§ Required action
Take the lines in the listing below from the line with "接触冷感を備えたニットを使用" up to and including the line with "7月21日,学校挂职团干部及" and set them down exactly, skipping pictures and adding nothing.
::::::::
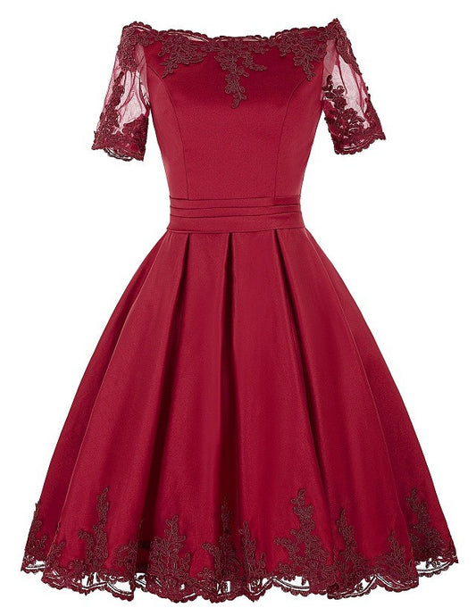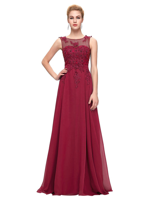 R14 Free Returns Elegant Wine Colored Evening Dress With Sleeves Appliqued Tulle
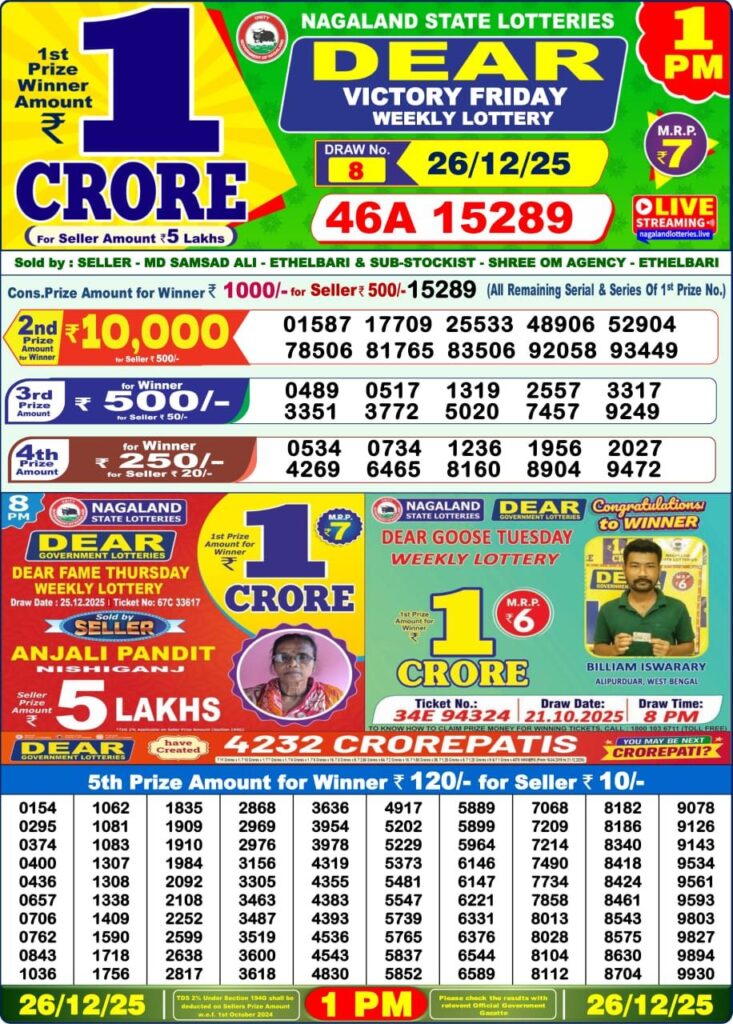 Dear Lottery Result Today – 26 December 2025 | Live Updates
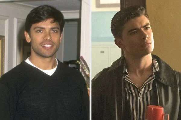 Райан Филипп в возрасте 24 лет в 1998 году и 20-летний Дикон Филипп в 2023 году:
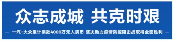 在接到成都市相关抗击疫情定点医疗防疫机构的援助申请后,一汽-大众第一时间通过抗击疫情合作公益机构中国扶贫基金会向成都市捐赠人民币500万元,驰援成都市抗击疫情工作。费用将用于支持成都市公共卫生临床医疗中心的医疗物资购买,病房改造以及防疫车辆。
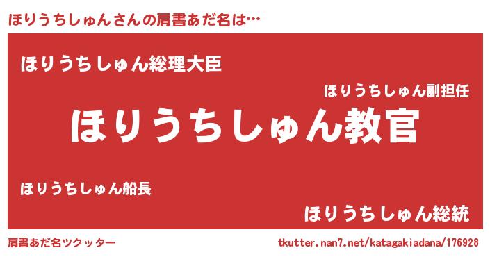 | 意味不明あだ名 | 『住所不定無職ほりうちしゅん(68歳)』 |
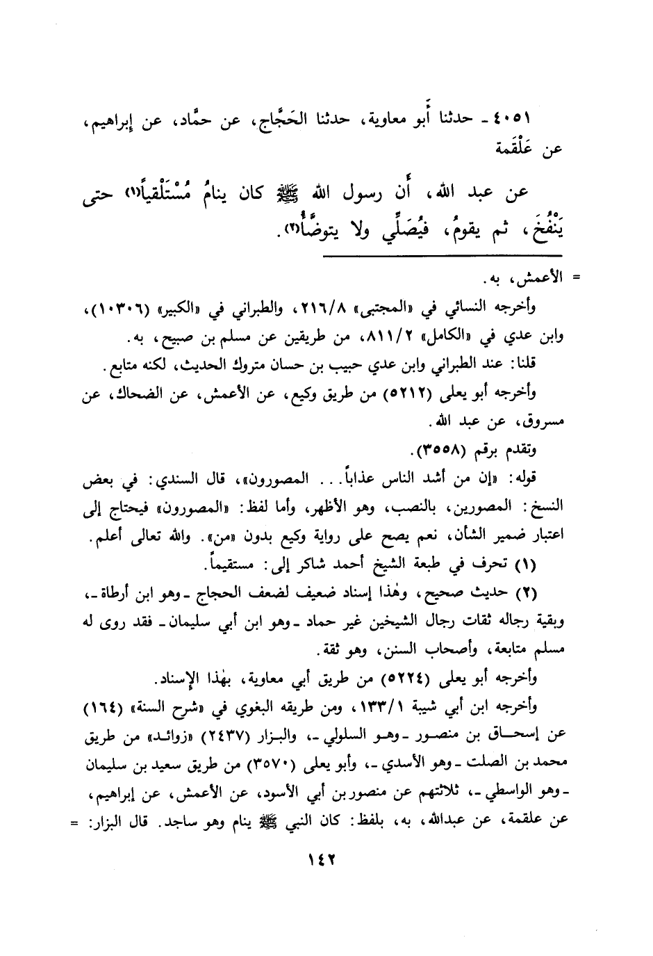 ٤٠٥١ - حَدَّثَنَا أَبُو مُعَاوِيَةَ، حَدَّثَنَا الْحَجَّاجُ، عَنْ حَمَّادٍ، عَنْ إِبْرَاهِيمَ، عَنْ عَلْقَمَةَ، عَنْ عَبْدِ اللهِ، أَنَّ رَسُولَ اللهِ صَلَّى اللهُ عَلَيْهِ وَسَلَّمَ " كَانَ يَنَامُ مُسْتَلْقِيًا (١) حَتَّى يَنْفُخَ، ثُمَّ يَقُومُ، فَيُصَلِّي وَلَا يَتَوَضَّأُ " (٢)
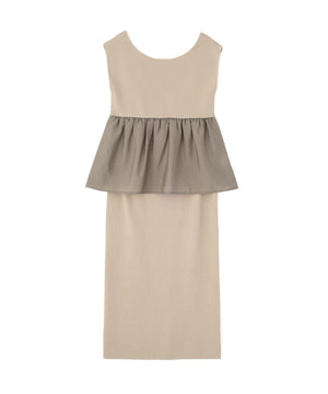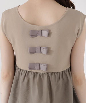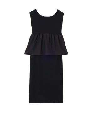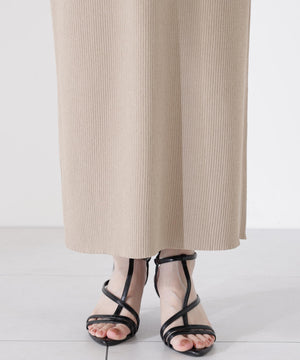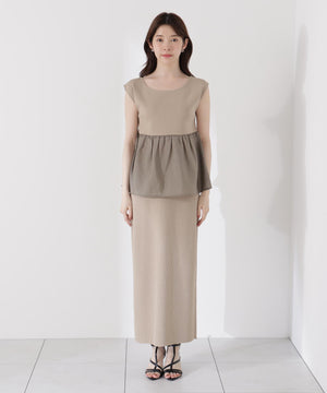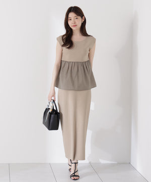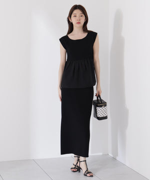 接触冷感を備えたニットを使用した、トップスとスカートのニットアップです。体をしめつけないトップスは、異素材のペプラムシルエットとバックリボンが、オトナ可愛いデザイン。縦ラインを強調するスカートを合わせれば、旬なスタイリングが叶います。
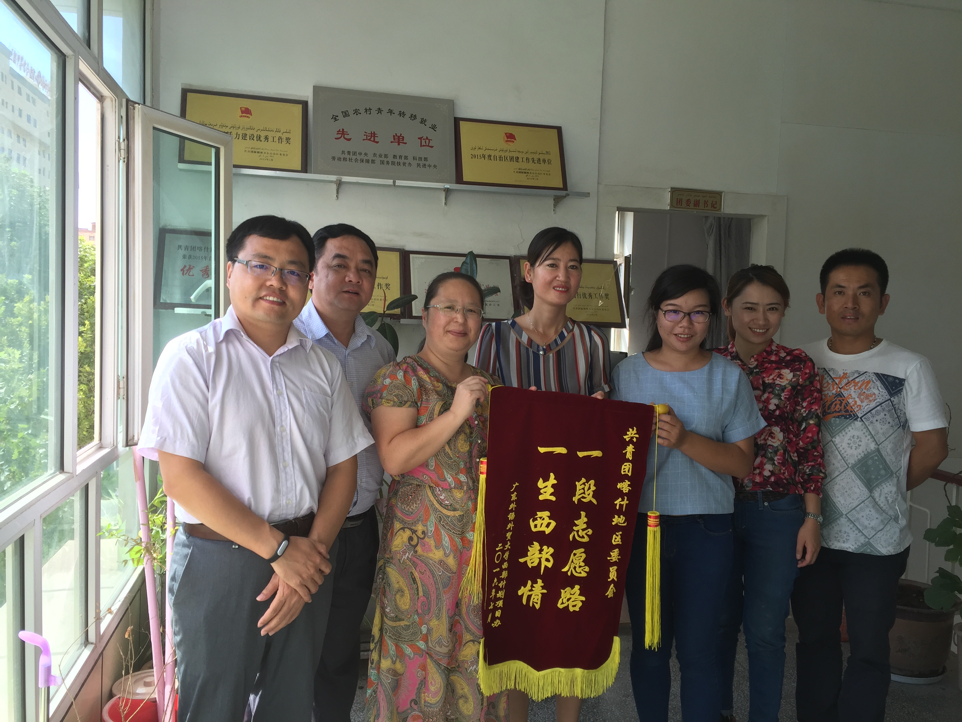 7月21日,学校挂职团干部及青年教师座谈会在共青团乌鲁木齐市委员会举行。共青团乌鲁木齐市委员副书记毛明•依明、新疆生产建设兵团第六师共青团农场副政委胡平参加了座谈会。我校青年干部阎茹(在共青团乌鲁木齐市委员会挂职)、王栋(在共青团新疆生产建设兵团第六师共青团农场委员会挂职)汇报一年的挂职工作。刘海春指出,希望两位同志能将共青团的工作经验带回去,能将艰苦奋斗、对党忠诚的精神带回去,“挂职结束,但工作没有结束。”他说,希望团乌鲁木市委将驻穗青年联系点放在广外,双方今后在新疆青年创业创新、青年人才汇集方面有更多的交流与往来。
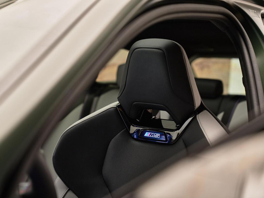 Deze M5 Touring onderscheidt zich door de BMW M spiegelkappen in carbon (S3MEA), M veiligheidsgordels (S4GQA), het BMW Iconic Glow exterieurpakket (S3DPA) en de M hoogglans Shadow Line (S760A). Samen met de 20"/21" lichtmetalen M wielen Dubbelspaak 951 M (S1GBA) en het M Compound-remsysteem in Schwarz (S3M6A) heeft de auto een uitgesproken sportieve uitstraling.
::::::::
§ Result of this task
 接触冷感を備えたニットを使用した、トップスとスカートのニットアップです。体をしめつけないトップスは、異素材のペプラムシルエットとバックリボンが、オトナ可愛いデザイン。縦ラインを強調するスカートを合わせれば、旬なスタイリングが叶います。
 7月21日,学校挂职团干部及青年教师座谈会在共青团乌鲁木齐市委员会举行。共青团乌鲁木齐市委员副书记毛明•依明、新疆生产建设兵团第六师共青团农场副政委胡平参加了座谈会。我校青年干部阎茹(在共青团乌鲁木齐市委员会挂职)、王栋(在共青团新疆生产建设兵团第六师共青团农场委员会挂职)汇报一年的挂职工作。刘海春指出,希望两位同志能将共青团的工作经验带回去,能将艰苦奋斗、对党忠诚的精神带回去,“挂职结束,但工作没有结束。”他说,希望团乌鲁木市委将驻穗青年联系点放在广外,双方今后在新疆青年创业创新、青年人才汇集方面有更多的交流与往来。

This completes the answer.